The Register has a good review. It is not perfect, but better it seems than using multiple phones. As I currently have, err, several* phones, I certainly understand the attraction.
Basically you make a call, which gets dropped, and then you get called back by a voip service. The voip service connects through to the other caller. You have a local number in the away country, so local callers do not have to dial your home country, but can still be called on your home number.
It also works with SMS, but not, alas, data.

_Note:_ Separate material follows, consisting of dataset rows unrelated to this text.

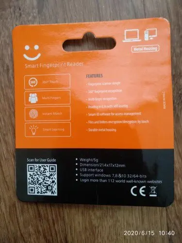 Посылка приехала быстро, упаовка-блистер была целая. В Windows 10 LTSC 1809 и 10 Pro 20H2 сканер определился без установки дополнительных драйверов. В Windows 7 Ultimate не определился, парится с установкой драйверов не стал. Но сканер оказался нерабочим, в Windows Hello при попытке установить отпечаток распознаёт 2 прикосновения и всё, дальше никак. Открыл спор, скинул видео продавцу, но общего языка с ним не нашёл, после привлечения к спору Aliexpress деньги мне вернули. Так что при покупке обязательно распаковывайте и проверяйте сканер на видео. Сначало в переписке продавец просто выслал картинку с тех. характеристиками, после открытия спора начал общаться реально. От брака никто не застрахован.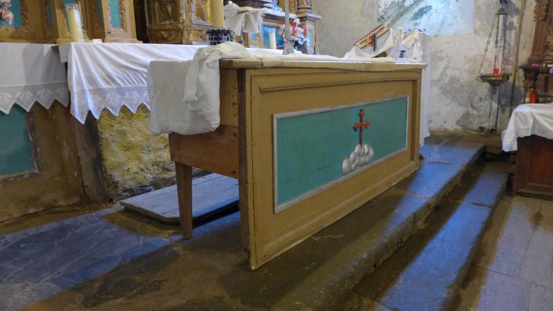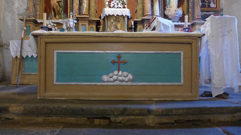 Frontal de moderna factura a juzgar por el trabajo de su carpintería, pese a que el basto repinte que luce impide precisar mucho más. Se rodea de un marco rectangular, parcialmente moldurado. Y en su casetón central exhibe una cruz remate trebolados asentada sobre un hipotético Calvario. Los tonos celestes y marrones casan con la policromía del retablo y también con la que ya se vio en los confesionarios.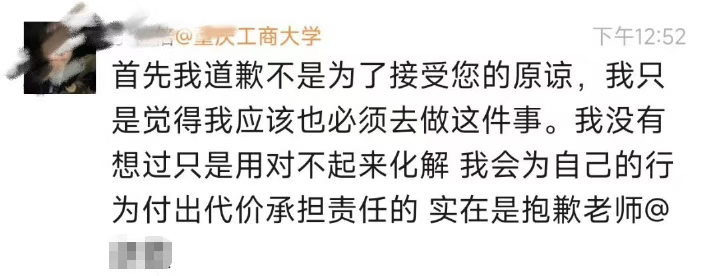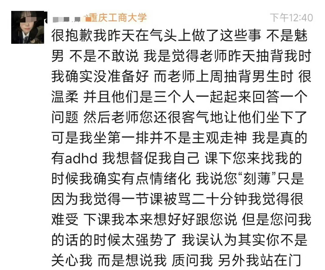 随后,涉事老师在微信群里发出该帖文,并回应:这位同学请拿出证据来证明,否则我会起诉你侵犯名誉权,我已联系后台要求提供发信人信息,保全证据。30日,女生公开道歉:很抱歉在气头上做了这件事,老师抽背我时我确实没准备好,而老师抽背男生时很温柔。抱歉老师我的情绪化让您失望了,向老师和各位同学道歉。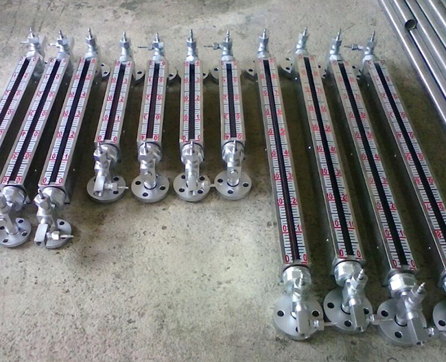 儀表在上下閥上都裝法蘭連接,使保持法蘭表面光潔,通過(guò)法蘭與容器連接構(gòu)成連通器,透過(guò)玻璃板或玻璃管,可直接讀得容器內(nèi)液位的高度。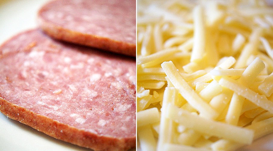 2つに開いて内側をこんがり焼いたら、その半分にチーズをのせて再び焼いて溶かして焦がす。

So, until this arrives here in better form, with data and local access, I’ll stick to my multiple phone strategy:
*Right now I have:
a NZ phone (Nokia 9500 communicator)
an Australian phone (an indestructible Nokia that gets vibrated harshly on my Austrian motorbike)
a US phone (cheap pre-pay locked Nokia, purchased from Wal*Mart for about $50. This is the cheapest way to make calls in the US)
a South African phone. Another cheapo Nokia. Somewhere.
and the new Nokia E90 Communicator, which is being delivered to me this week sometime. It does pretty much everything, ad will replace the 9500, which is pretty much destroyed by now.
And yes, I trust there will be an iPhone in my future, once the dust settles from the unlocking adventures, and once it is high speed (ie. European).
I’m pretty convinced that a two phone strategy is best – e.g. a local phone (Australia right now) and a home phone. That let’s the locals call you without paying over the odds, and of course makes it cheaper to call them. When I travel through several countries on a trip then I try to get sim cards (or locked phones) for each one. I’d really love a phone with multi-sim card capability.
I also like the strategy of a bunch of people that I hung with in the Philippines 2 years back – one work phone (often the 9500/E90) and one personal phone (something fun). You can turn the work phone off in the evenings.